What I am going to complain about is, predictably, the Mail's staggering hypocrisy in its coverage of the case. The paper describes Woolas's campaign materials thus:
Evil leaflets that set out to stir up racial tensionRebecca Camber examines how Mr Woolas embarked on a toxic campaign of lies, smears and dirty tricks to ‘make the white folk angry’ enough to vote for him.
Labour’s ... newspaper-style mailshots ... contained inflammatory headlines such as ‘Lib Dem pact with the Devil’. Other so-called ‘stories’ included ‘Lib Dems in mosque planning permission stitch-up’ and ‘Straight talking Woolas too fair for militant Muslims’.
A picture of extremists holding a sign saying ‘behead those who insult Islam’, taken in London four years earlier, was also used, even though it had nothing to do with the supposed Muslim threat in Oldham.
There was no evidence of a Muslim extremist threat in Oldham or any death threats to Mr Woolas.
So the highlights of the Mail's charge sheet against Woolas (which earns the overall package the headline "Can our MPs sink any lower?") are:
- That he published "so-called stories" suggesting Muslims had been involved in a planning permission scam
- That he illustrated a story with a picture that had nothing to do with the story itself.
- That he lied about the threat Muslims posed to the area.
I'm sure you can see where I'm going with this by now, so let's cut straight to the chase.
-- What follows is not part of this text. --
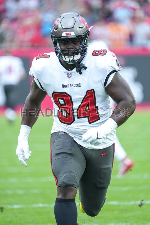 Tampa Bay, Florida, USA, December 3, 2023, Tampa Bay Buccaneers player Calijah Kancey #94 warms up at Raymond James Stadium. (Photo Credit: Marty Jean-Louis)

Other examples of so-called newspapers publishing so-called stories along these lines include:
- The Daily Mail falsely claiming that Muslims had stopped a cafe owner receiving planning permission for an extractor fan
- The Daily Mail illustrating a story with a picture that had nothing to do with the story itself.
- The Daily Mail lying about the threat Muslims pose to the country.
So the question the Mail's editor has to ask himself is, can you possibly sink any lower? Any lower, that is, than the new low you apparently sank to last year.
Also winning a special prize for hypocrisy today is Simon Hughes, deputy leader of the Liberal Democrats. After the Woolas verdict he proudly told the media:
"Mr Woolas has come severely unstuck and I am very pleased for politics and the rule of law that the judges have said so clearly that this was unacceptable."
I'm very interested in what Simon Hughes thinks is unacceptable in an election campaign. He first entered Parliament in a 1983 by-election, where his Labour opponent in the Bermondsey constituency was Peter Tatchell, who is today better known as a human rights campaigner with particular focus on gay rights issues.
Bermondsey was a traditionally safe Labour seat, but at at time when there were no out gay MPs and homosexuality was nowhere near as acceptable as it is today, Hughes was elected after running a viciously homophobic campaign based almost entirely on the fact that the Labour candidate was gay. Hughes infamously produced leaflets calling himself "the straight choice" for Bermondsey, while male Lib-Dem canvassers went do-to-door with lipstick smears on their faces and stickers saying "I've been kissed by Peter Tatchell".
Hughes, who himself came out as bisexual in 2006, has since apologised and Tatchell has siad he doesn't bear a grudge. But to see Hughes of all people trying to take the moral high ground over dirty tricks in an election campaign is absolutely shocking.